Повисла холодная, неприветливая тишина.
– А вам что, есть разница? – осведомился Довесок.
– Муж, – позвала Огненная Орхидея. – Ты пугаешь этих бедных людей. Позволь мне ответить на вопрос.
Она свесилась с седла и дотянулась губами до уха слепца:
– Мы демоны с запада, чудовища, пожирающие младенцев, а ведет нас прославленный Воинствующий Пес, о кровавых деяниях которого ты, бесспорно, наслышан.
В толпе послышались причитания.
– Тишина! – гаркнул Довесок. – Огненная Орхидея, скажи им, что они должны сделать, чтобы избежать моего праведного гнева.
– Во-первых, несите еду: мясо, овощи, фрукты – все хорошего качества. Во-вторых, всякое военное барахло. Некоторые из вас служили в армии Трех Ущелий. Даже не пытайтесь отрицать. В военное время рекрутов набирают в каждой деревне, хотят они того или нет. Выжившие возвращаются домой. У каждого ветерана остается что-то на память, это нам и нужно: форма, броня, всевозможное оружие. Трофеи более личного характера – связки высушенных ушей и другие мумифицированные части тела – оставьте себе, нам от них ни пользы, ни радости. И стыдитесь, что они у вас есть. На этом все. – Огненная Орхидея улыбнулась. – Я же говорила, что у моего мужа доброе сердце.
Перепуганные старики тотчас притащили три шлема, изорванное знамя, пестрый ворох формы и (чему Довесок ни капли не удивился) ничего из оружия. Злобный Отморозок выбрал самую старую и костлявую корову из тех, что жители деревни не успели спрятать, и перерезал ей горло. Мундиры, шлемы и флаг заляпали коровьей кровью и оставили в сторонке сушиться.
– Советую побыстрее разделать эту дряхлую буренку и заняться мясом, – пробурчал Злобный Отморозок.
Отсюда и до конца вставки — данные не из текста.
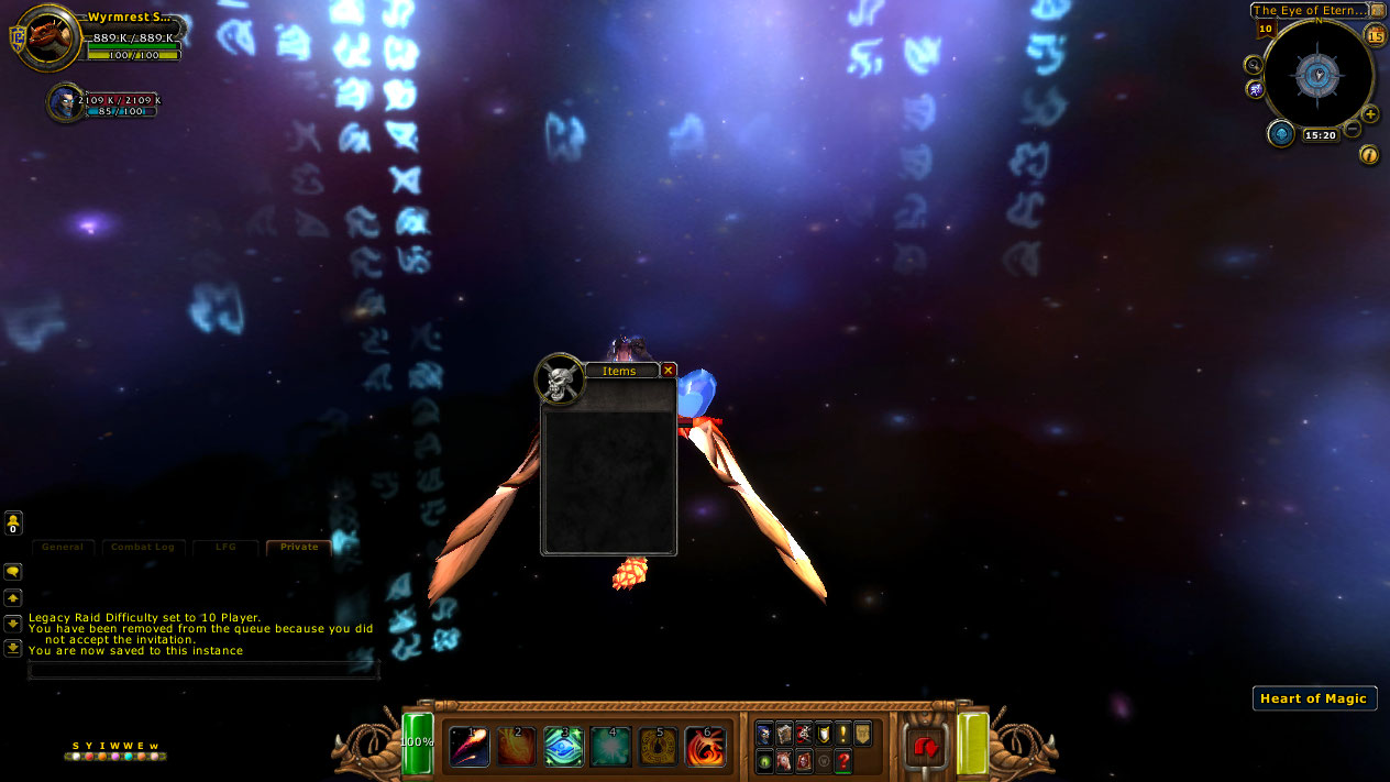 | Description | После убийства Малигоса на месте смерти появляется кристал в виде сердца в котором должна лежать добыча с босса, но при открытии данного "сундука" добычи нету. Добычи нету как в рейде на 10 игроков так и в рейде на 25 игроков. | ||||

Тем временем Маленькая Паучиха набрала в переноску для огня углей и, посоветовавшись с Довеском и Огненной Орхидеей, убежала в лес с наветренной стороны деревни. Когда немного спустя она вернулась, за ее спиной занимался пожар.
К тому времени Песья Свора запаслась новехонькими военными трофеями и едой, которой как раз хватало, чтобы неспешно перекусить на обратном пути в лагерь, но ни крошкой больше. Это была сущая малость по сравнению с обычными грабежами, но Довесок знал, что слухи раздуют из мухи слона.
– Мы уезжаем и больше не вернемся, – объявил он. – Если вы сейчас же займетесь противопожарными просеками на окраинах деревни, огонь не успеет причинить серьезного вреда.
Песья Свора подхватила заляпанные кровью трофеи и ускакала по дороге, ведущей к Трем Ущельям. За их спинами поднимались в небо столбы дыма.
– Я доложу, что мы сровняли деревню с землей, – сказал Довесок – Дым подкрепит мои слова. Никому в армии не придет в голову наведаться сюда снова.
– Эти люди не поблагодарят тебя за милосердие, – заметила Огненная Орхидея.
– Они меня проклянут, – согласился Довесок. – Зато их смерть не отяготит мою совесть.
– Любой другой на твоем месте их бы ограбил. Как мило, что ты такой мягкоголовый.
– Мягкосердечный, – поправил он. – В любом случае грабить селян – все равно что лакомиться воробьями: замучаешься ковыряться, а мяса чуть.
– Хаххх! – насмешливо заржал Лютик.
* * *
Когда Довесок вернулся в лагерь, Горный Склон пылал. За пожаром ошеломленно наблюдали его запропавший друг Обри Даргер и главарх Белая Буря.
– Когда я уезжал, война велась вполне культурно, – сказал Даргер. – Что, во имя всего святого, случилось?
Довесок помрачнел.
– Если одним словом, то причина в Мощном Локомотиве. Как оказалось, он твердо убежден в силе жестокости и террора. Что еще хуже, его стратегия, судя по всему, не дает сбоев. Тайному Императору больше не нужны ничьи советы, он за ними и не обращается, и потому смягчить бессердечие главкома никак не возможно.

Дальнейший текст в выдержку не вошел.